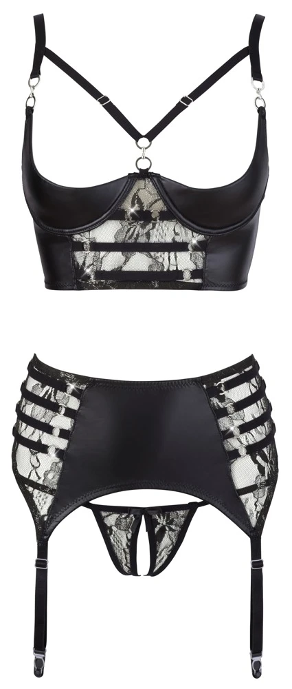 Was ist das Besondere am 3-teiligen Strapsset mit Bustier, Strapsgurt und String ouvert?
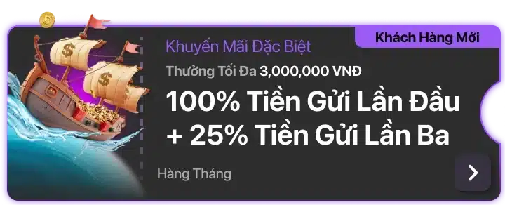 Ngay khi đăng ký thành công, người chơi sẽ nhận được thưởng 100% tiền nạp đầu tiên và 20 vòng quay miễn phí. Tiếp theo là các chương trình hoàn trả mỗi ngày, thưởng tích lũy, quay số may mắn, và quà tặng khi thăng hạng VIP.
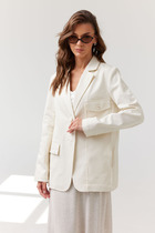 Жакет женский "Плеяна" выполнен из твидовой ткани с блестящей нитью. Жакет на подкладке полуприлегающего силуэта, воротник отложной, по борту лацканы, низ борта закругленный, застежка однобортная на три пуговицы. По полочке - рельеф и накладной карман, по краю кармана трепка. Края воротника, лацканов и борта обработаны трепкой. По спинке - рельефы, рукав втачной двухшовный. Жакет нарядный отличный вариант для праздников и повседневной носки. Нарядный с легкой люрексовой ниткой добавит вам нарядности и элегантности!
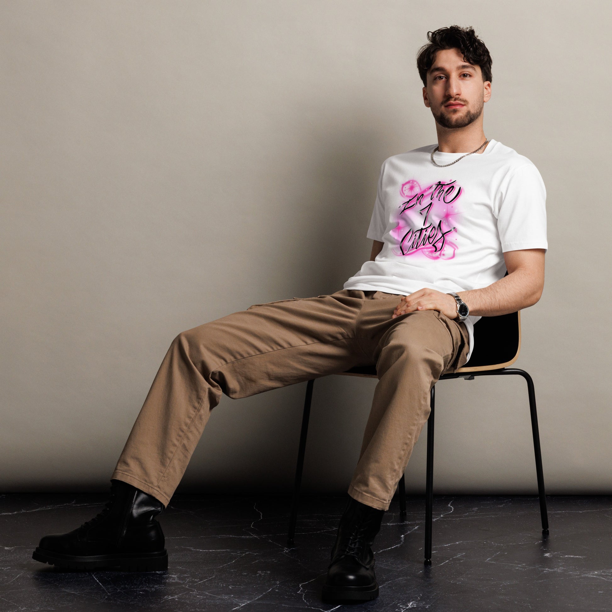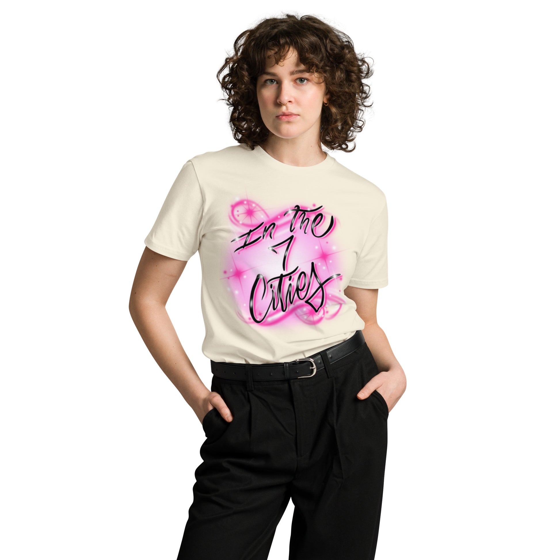 Pink spray on T-shirt with the words “In The 7 Cities.” Wrap yourself in comfort with this premium tee. It’s made of 100% combed cotton and has a soft, luxurious feel. The t-shirt’s regular fit and crew neck boast a timeless look. The fabric is pre-shrunk to maintain its size and shape wash after wash. Style it up or down to suit any occasion.
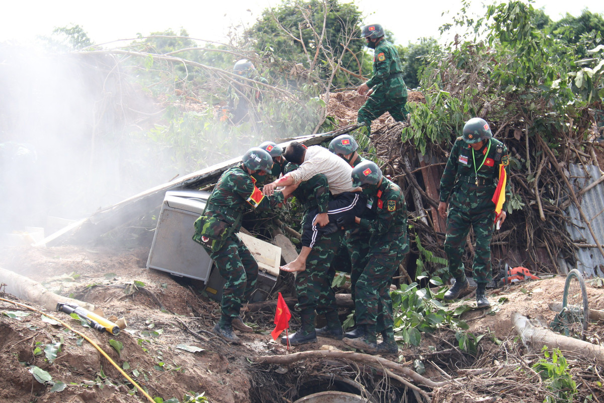 Diễn tập cứu nạn nhân trong vụ sạt lở đất.
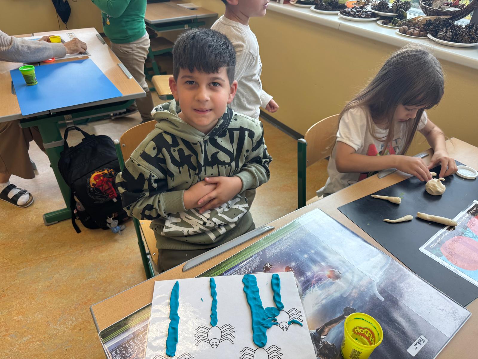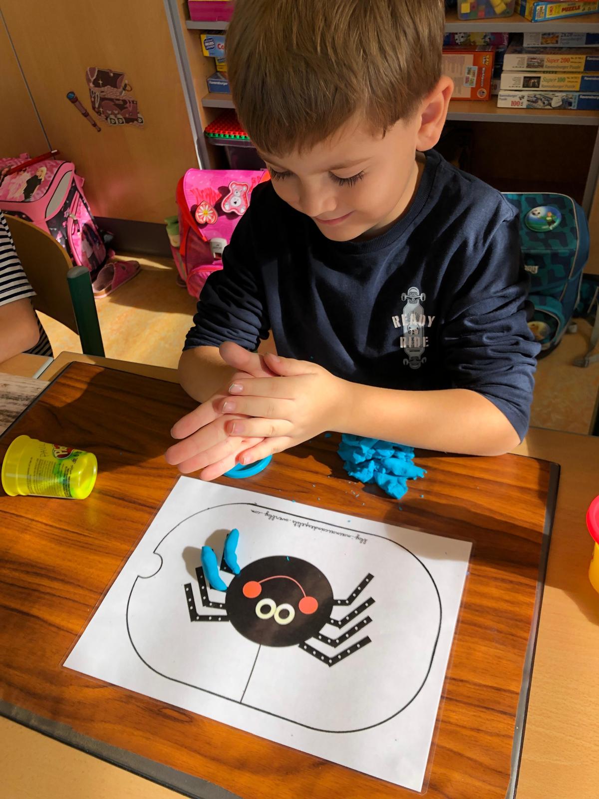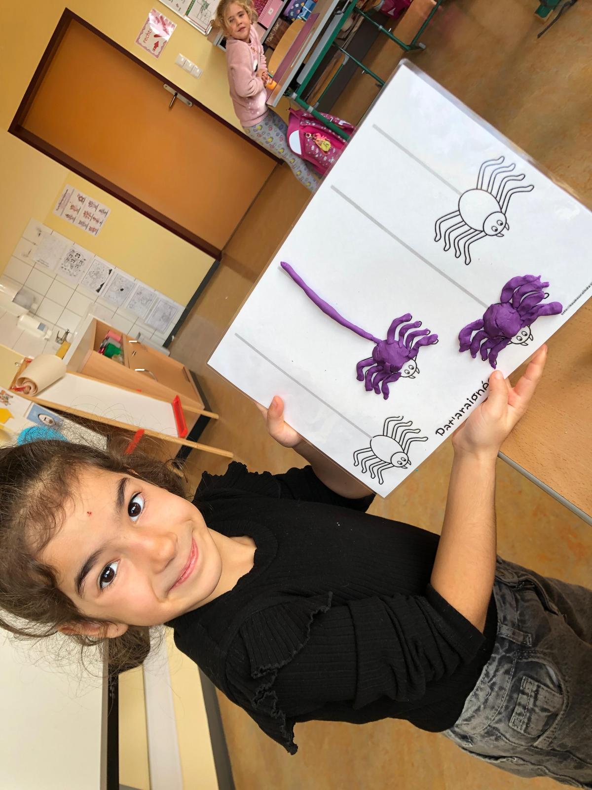 Die Kinder der Vorschulklasse haben zur Halloween Zeit gruselige Spinnen und Würmer gebaut.
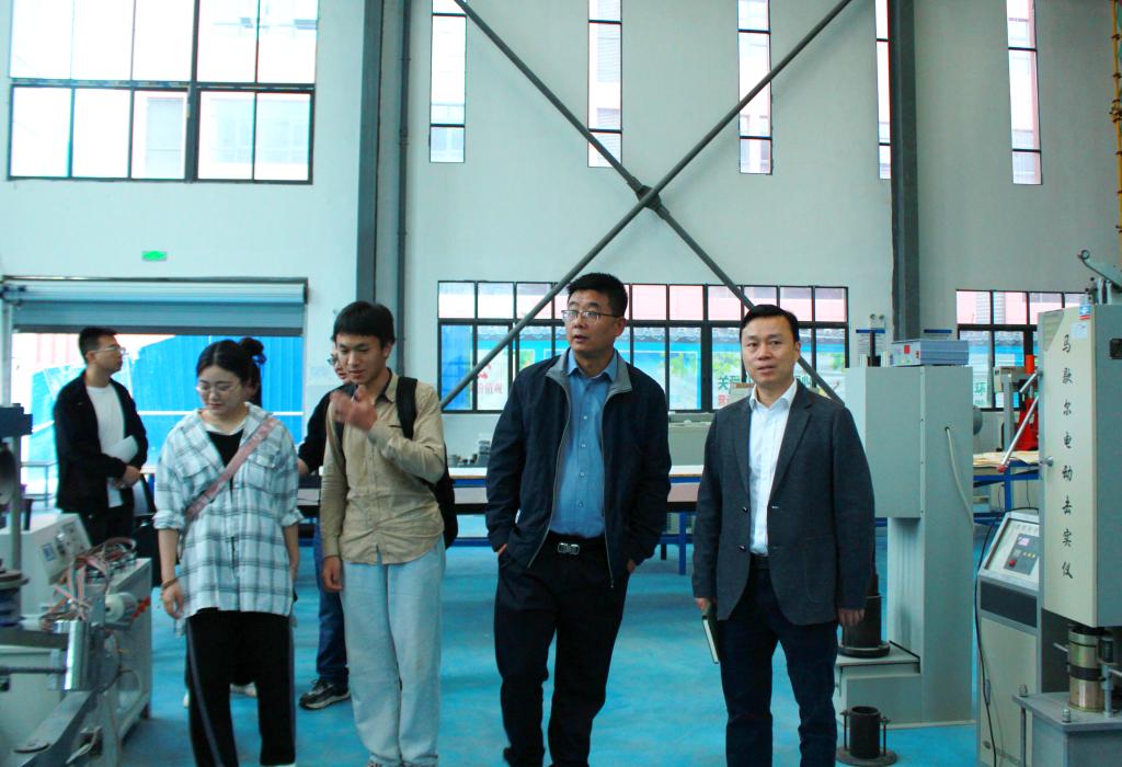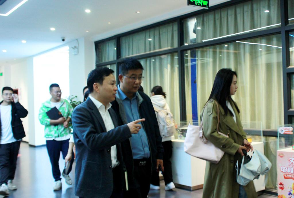 陈军一行参观了工程训练中心和数字云创基地。苟延杰就我校在学科、平台和人才等方面的优势进行介绍。
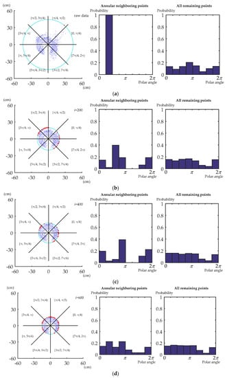 Figure 7 shows an example of the polar angle distribution of the points within the annular neighborhood and all the remaining points while iteratively removing the outermost points. All points are divided into groups with equal polar angle range. The probability distribution of the polar angle is used to describe the polar angle distribution. In Figure 7a–c, the outermost point is an outlier. The polar angle distribution of the points within the annular neighborhood tends to be centralized around a certain angle. The distribution is very different from that of the remaining points. In Figure 7d, the outermost point tends to have good co-registration. All the points located farther from the center than this well co-registered point have already been removed. It means most of the outliers have been filtered out. The polar angle distribution of the points within the annular neighborhood is thus relatively uniform and similar to that of all remaining points. The degree of similarity is quite close for all the outermost points with good co-registration compared with the outliers. This becomes a distinguishing criterion that is adopted by the algorithm.

::::

* What you have to do
In the listing above, find the line with "Diễn tập cứu nạn nhân trong vụ sạt lở đất." and the line with "陈军一行参观了工程训练中心和". Set down exactly those lines and everything between them, skipping pictures.

* Output for this exercise
 Diễn tập cứu nạn nhân trong vụ sạt lở đất.
 Die Kinder der Vorschulklasse haben zur Halloween Zeit gruselige Spinnen und Würmer gebaut.
 陈军一行参观了工程训练中心和数字云创基地。苟延杰就我校在学科、平台和人才等方面的优势进行介绍。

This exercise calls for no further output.